Wilwording v. Swenson

326 F. Supp. 1145, 1970 U.S. Dist. LEXIS 9552
CourtDistrict Court, W.D. Missouri
DecidedNovember 12, 1970
DocketCiv. A. No. 18809-3
StatusPublished
Cited by4 cases

This text of 326 F. Supp. 1145 (Wilwording v. Swenson) is published on Counsel Stack Legal Research, covering District Court, W.D. Missouri primary law. Counsel Stack provides free access to over 12 million legal documents including statutes, case law, regulations, and constitutions.

Bluebook
Wilwording v. Swenson, 326 F. Supp. 1145, 1970 U.S. Dist. LEXIS 9552 (W.D. Mo. 1970).

Opinion

ORDER GRANTING PETITIONER LEAVE TO PROCEED IN FORMA PAUPERIS AND JUDGMENT DENYING PETITION FOR HABEAS CORPUS

WILLIAM H. BECKER, Chief Judge.

Petitioner, a state convict confined in the Missouri State Penitentiary, petitions for a writ of federal habeas corpus adjudicating as invalid his state conviction of the offense of first degree robbery. Petitioner also requests leave to proceed in forma pauperis. Leave to proceed in forma pauperis will be granted.

Petitioner states that after his plea of not guilty, he was convicted by a jury in the Circuit Court of Greene County of the offense of first degree robbery; that he was sentenced on that conviction on June 25, 1964, to a term of imprisonment for twenty years; that he appealed from the judgment of conviction and imposition of sentence to the Missouri Supreme Court, which affirmed the conviction and sentence (State v.
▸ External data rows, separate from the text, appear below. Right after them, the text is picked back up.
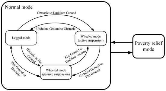 The wheel-legged robot needs to choose the appropriate motion mode according to the terrain conditions. When the terrain is relatively flat, the robot adopts the wheeled motion mode with a passive suspension to improve the efficiency of the roving exploration. In the wheeled motion mode with the passive suspension, the leg configuration remains unchanged, and the body may fluctuate slightly. The leg joints support all the weight of the robot through the internal mechanical lock, which can also reduce energy consumption. When the terrain is undulating, the robot needs to switch to the wheeled motion mode with active suspension, which allows the leg joints to adjust the configuration in time, according to the attitude changes of the body caused by the undulating terrain to ensure stability. When encountering obstacles, such as bumps, pits, and rocks, the wheel-legged robot needs to switch to the legged motion mode to cross the obstacles safely. Due to the unknown terrain conditions, emergencies are very likely to occur. Once the wheel is trapped, the robot can be switched to poverty relief mode to restore the wheel to a safe state. The wheel-legged robot motion mode selection and switching relationships are shown in Figure 3.
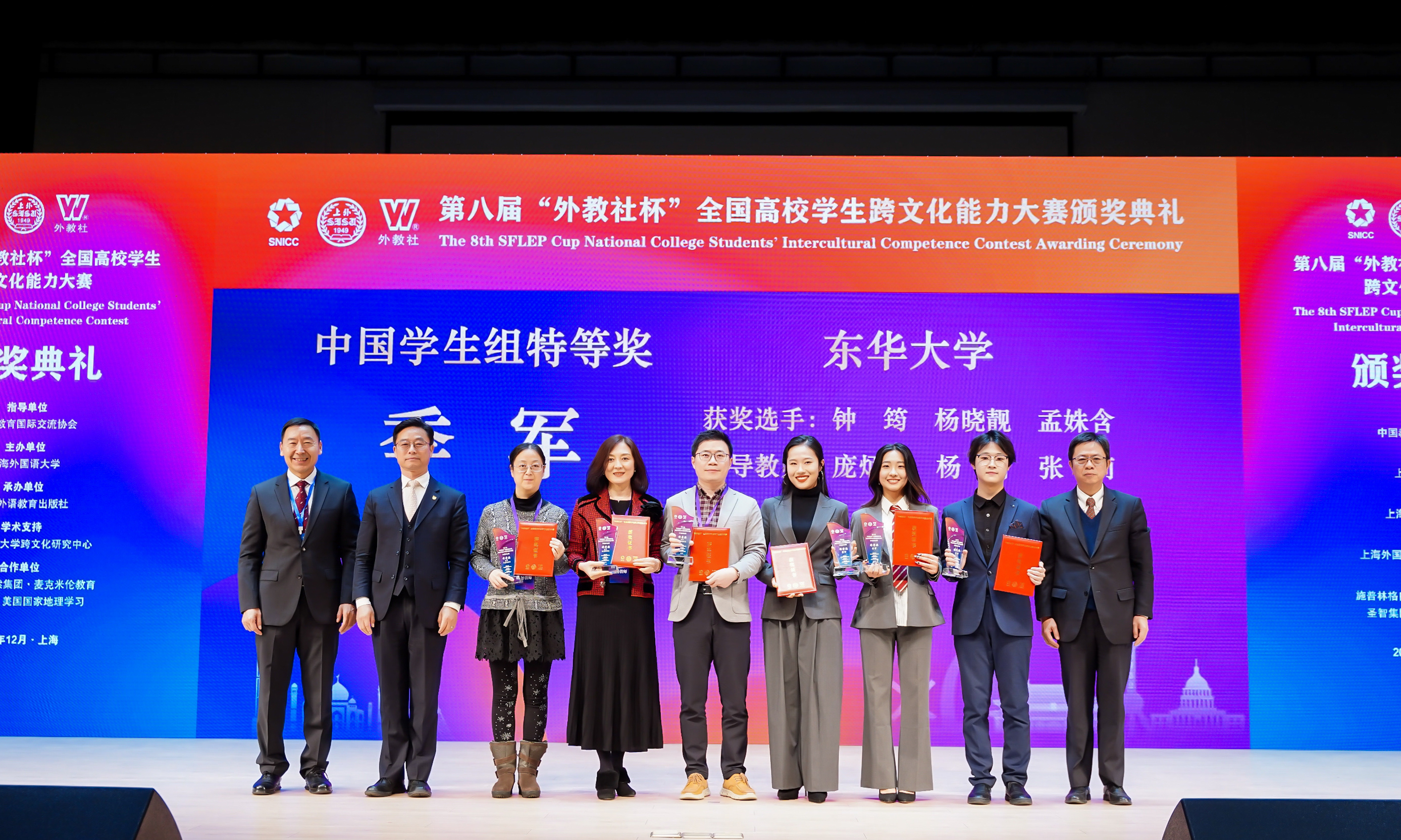 12月11日-14日,第八届“外教社杯”全国高校学生跨文化能力大赛全国决赛和总决赛在上海外国语大学举办,我校由外语学院钟筠、材料科学与工程学院杨晓靓、服装与艺术设计学院孟姝含三位同学组成的参赛团队夺得特等奖,钟筠荣获“最具潜力奖”。我校团队继该比赛上海赛区荣获特等奖后,再创佳绩。
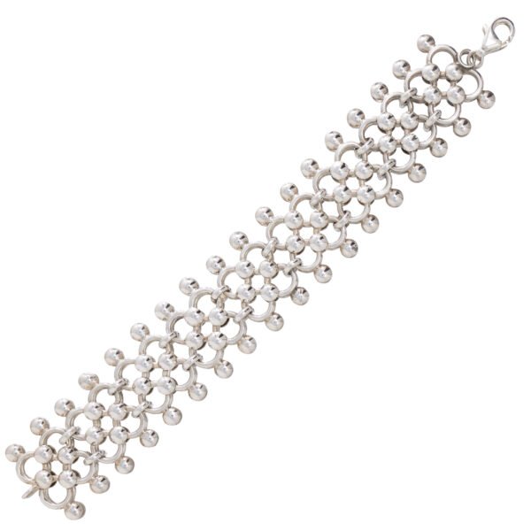 Collector’s Note: A striking example of Mexican modernist silver from the late 1960s–1970s, this bracelet reflects a moment when jewelry was conceived as wearable sculpture. Substantial yet fluid on the wrist, it embodies the craftsmanship and originality that continue to make mid-century Mexican silver so sought after. A timeless statement piece, curated for collectors who appreciate design with intention.
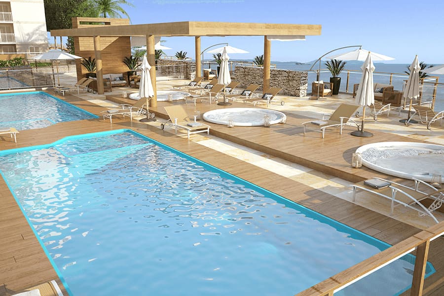 2 Elevadores por torre; Ampla sacada com churrasqueira a carvão; 3 Conjuntos de piscinas; 9 Spas; 6 Salões c/ churrasqueira; 3 Salões Gourmet; Open mall; Salão de festas; 2 Salas de jogos Quadra poliesportiva; Garagem coberta; 2 Brinquedotecas; 4 Playground; 3 Espaços Zen; Pistas de caminhada; 2 Redários; Espaço pet; Cancha de bocha; 2 Espaços academia externa; Quadra de areia; 3 Acessos carga/descarga; 2 Bicicletários.
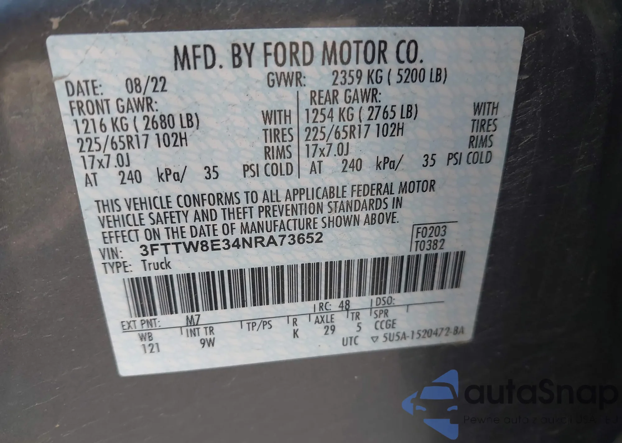 • VIN 3FTTW8E34NRA73652
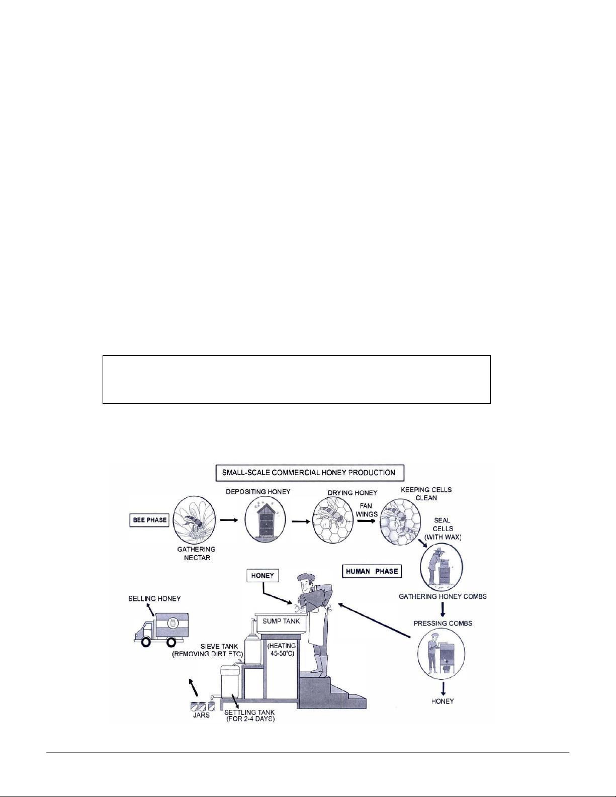 The diagram below shows how honey is made in small-scale commercial production.

Wilwording, Mo., 394 S.W.2d 383); that he filed a motion under Missouri Criminal Rule 27.26, V.A.M.R., in the state sentencing court, which was overruled on March 11, 1966; that he appealed this overruling to the Missouri Supreme Court, but “withdrew” and dismissed the appeal on October 27, 1966, in order to file a new Rule 27.26 motion; that thereafter petitioner filed a second Rule 27.26 motion in the state sentencing court which was ovveruled on March 18, 1968; that, on appeal from the overruling, the judgment of the trial court was affirmed by the Missouri Supreme Court on March 10, 1969 (Wilwording v. State, Mo., 438 S.W.2d 447); that he subsequently filed a petition for federal habeas corpus in this Court, which was denied on October 6, 1969 (Wilwording v. Swenson (W.D.Mo.) Civil Action No. 17547-3); and that he was represented by counsel at his trial, sentencing and on direct appeal.

Petitioner states the following as grounds for his contention that he is being illegally held:

“Petitioner’s imprisonment is illegal and founded upon clearly erroneous state court rulings in contravention with the guarantees embodied in the Fifth, Sixth and Fourteenth Amendments to the Constitution of the United States, as hereinafter shown in supporting facts.” (Emphasis petitioner’s.)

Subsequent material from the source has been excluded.